David Bowie, that grand old chief of cool, had long before told his minions to listen to Iggy Pop and the Stooges. Generations later, and we were still listening. Except that it wasn't just Bowie anymore. Now, everyone from Dinosaur Jr. to Green Day to Guns N' Roses was telling us the same thing. Metallica was covering Seger, everyone was covering the MC5's "Kick out the Jams" and, wait a minute, Alice Cooper and Ted Nugent are from Detroit too?

Hence, early in the new millennium, I had come to the conclusion that the vast majority of the bands and artists that I held most dear, old and new, were in fact from the Metro Detroit area.

In 2003, just before Christmas, Classic Rock asked me to travel to Detroit to interview an up and coming band called Gold Cash Gold. The band had just put their debut album out in Britain, Paradise Pawned Vol.1, and Classic Rock wanted a "new band" feature. I liked Gold Cash Gold a lot. I still do, even though they only play the occasional reunion show nowadays. They had a dark, blues rock sound, and three of them, Eric Hoegemeyer, Steve Zuccaro, and Dino Zoyes, had been in the (ironically) Brit-pop influenced Charm Farm. But most of all, I liked Gold Cash Gold because they sounded like Detroit.

Of course, I couldn't get on the plane quickly enough.

I spent one weekend in Detroit during the cold December of '03, and that was enough to confirm that I loved the city and the surrounding area deeply.

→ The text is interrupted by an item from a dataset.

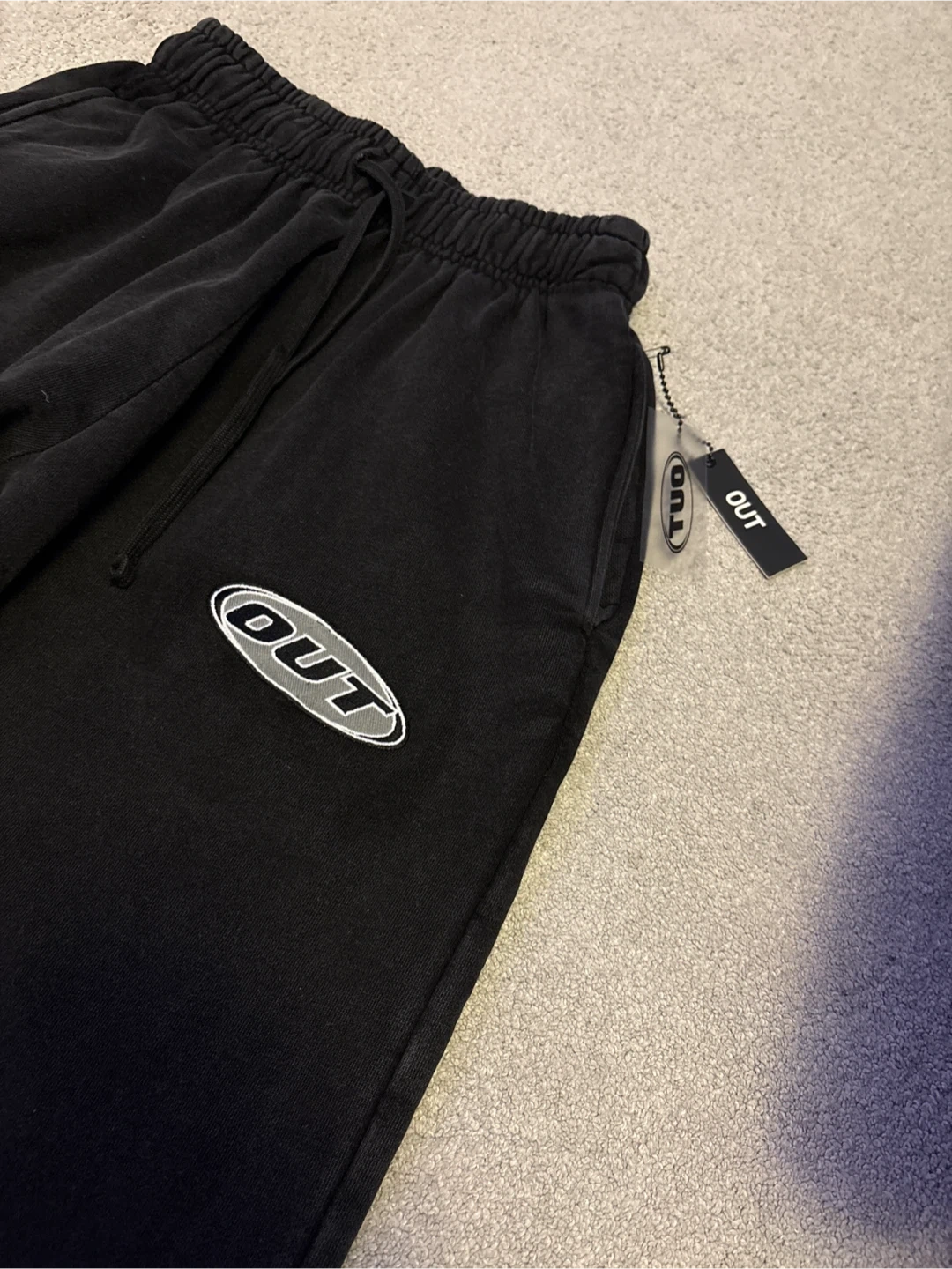 These black OUT sweatpants come in a size small. They feature an elastic waistband with a drawstring and a back pocket. The fabric is soft and comfortable, perfect for casual wear.
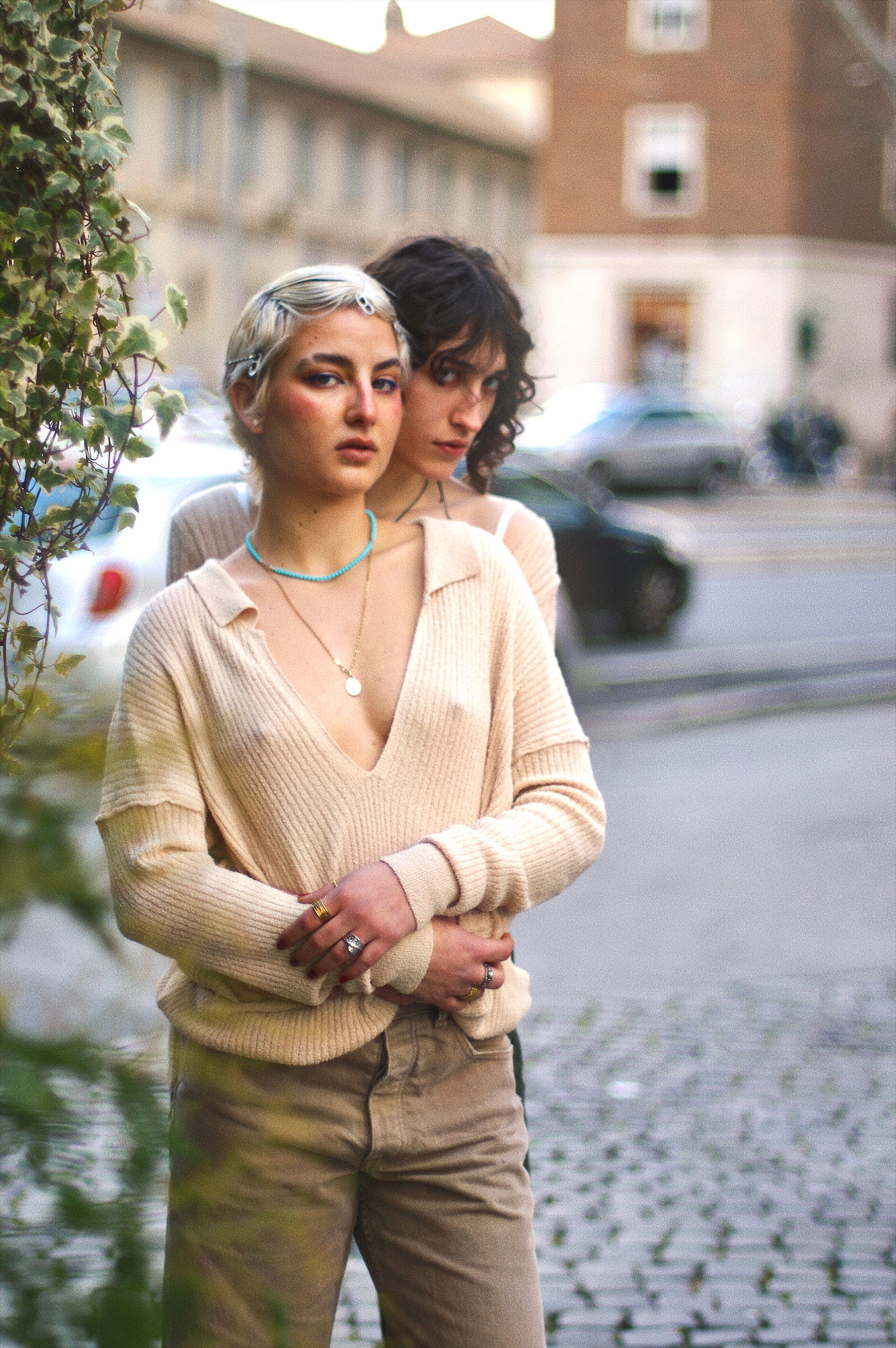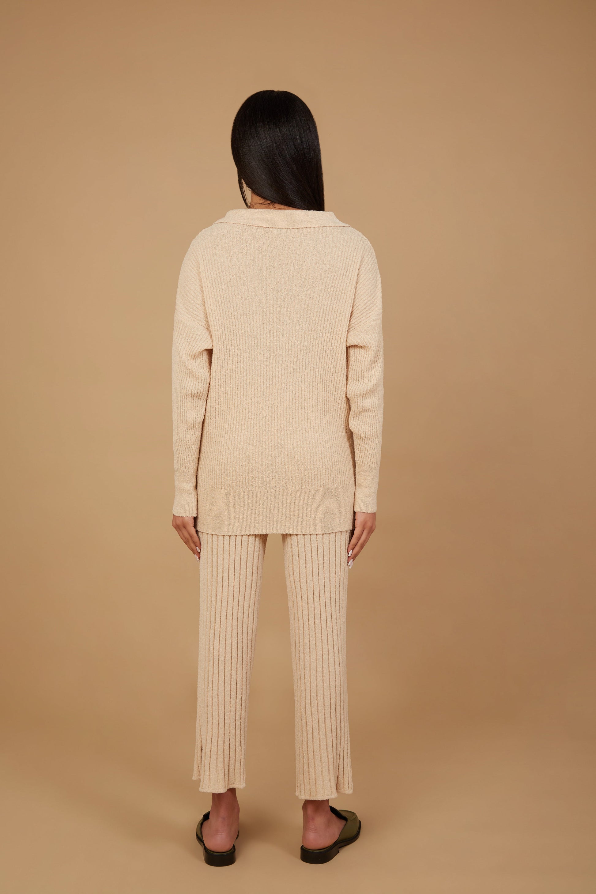 Con costine lavorate, scollo profondo a V e colletto morbido. La maglia si presta per essere sblusata o indossata full-lenght a seconda dell'esigenze e body-shape.

I saw the band play at Smalls in Hamtramck, and I fell in love with Smalls, and Hamtramck. I went over to their label HQ, Times Beach Records at Rustbelt Studios, Royal Oak. Naturally, I fell in love with Rustbelt and Royal Oak. Times Beach put me up in the Atheneum Hotel in downtown Detroit. Ditto that.

By the time I returned to England with a severe case of the blues (truly, I was homesick for Detroit), I loved the Red Wings, the Tigers, the Pistons, the Lions (YES the Lions), every bar, every band and everything else associated with Metro Detroit.

Most of all, I loved the people. It was only a matter of time before I came back.